Editing of microcopy by non-developers
When it is intended for non-developers to edit microcopy in an application it is
conventional to use Rails Internationalization (I18n) to abstract
the copy outside of the application code. We use this even when an application
is only in English. These files are stored in /config/locales as per Rails
convention. You should only use these files for accessing copy and not
for any application configuration.
Error handling
GOV.UK Rails applications should anticipate failure and do so gracefully. This happens automatically, to a degree, on GOV.UK frontend applications but not on admin applications where there is more granular control over error responses. GOV.UK Rails applications should be configured to provide GOV.UK branded error responses. Content Publisher provides an example of implementing this with the GOV.UK admin layout.
Organising your code
Organising code in a Rails application is frequently a source of debate and
confusion, particularly as to what code belongs in the /app directory and
what belongs in the /lib directory. We aim to follow what appears
to be the prevalent convention where:
/appis used for:- the default Rails components (such as controllers, models, views, helpers, jobs)

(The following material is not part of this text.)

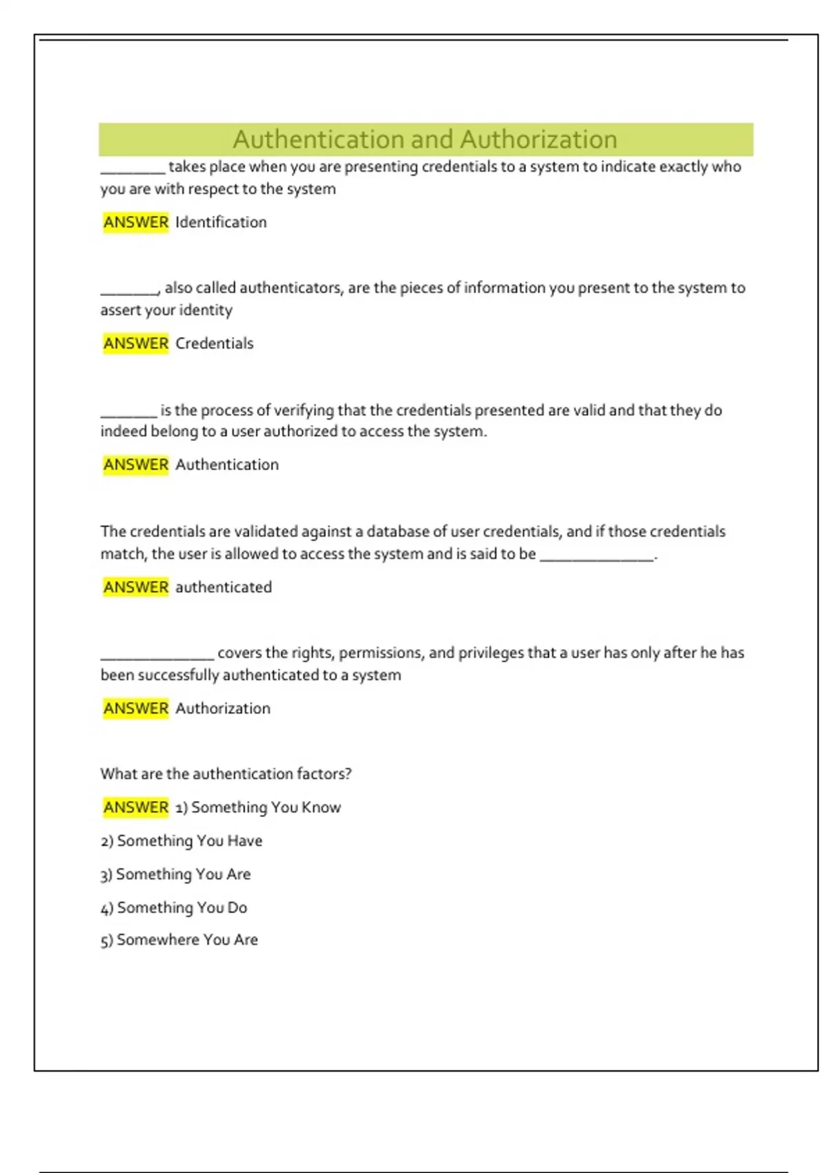 ANSWER 1) Something You Know

- commonly used classes in the application that have a common purpose and interface (good example: interactors, consistent interface and usage; bad example: reporters, just a one-off class)
/libis used for:- classes that don’t logically fit into an app directory
- complex business logic for the application, (for example, link expansion in the Publishing API)
- Rake tasks
GOV.UK Rails applications should avoid creating an /app/lib directory, as this
causes confusion with the prevalent /lib directory.
Configuration for applications, typically YAML files, should live in the
/config directory.
Documenting your decisions
It’s conventional to create a /docs directory in GOV.UK Rails applications to
store application documentation (which is typically linked to from the readme).
For recording the reasoning behind architectural decisions it’s conventional
to use architectural decision records in the /docs/adr directory
(example).
Testing strategies
We aim for well tested Rails applications that provide a good degree of coverage and provide assurances that an application is operating correctly. We value test suites that are fast to run, easy to read and test things consistently at different abstractions (unit, integration and functional).
Feature/system testing
When testing Rails applications from the perspective of an end user it is conventional to use RSpec Rails’ feature specs (new applications should use the more modern equivalent: system specs) via govuk_test’s Capybara configuration.
GOV.UK have adopted the FutureLearn readable feature test approach to writing feature tests in RSpec (example). This offers a similar level of readability of a cucumber test, without the difficulties in identifying the code used to perform the test.
Testing controllers
Use request specs for testing controllers, this is the recommended approach to replace controller specs reflecting a direction introduced in Rails 5.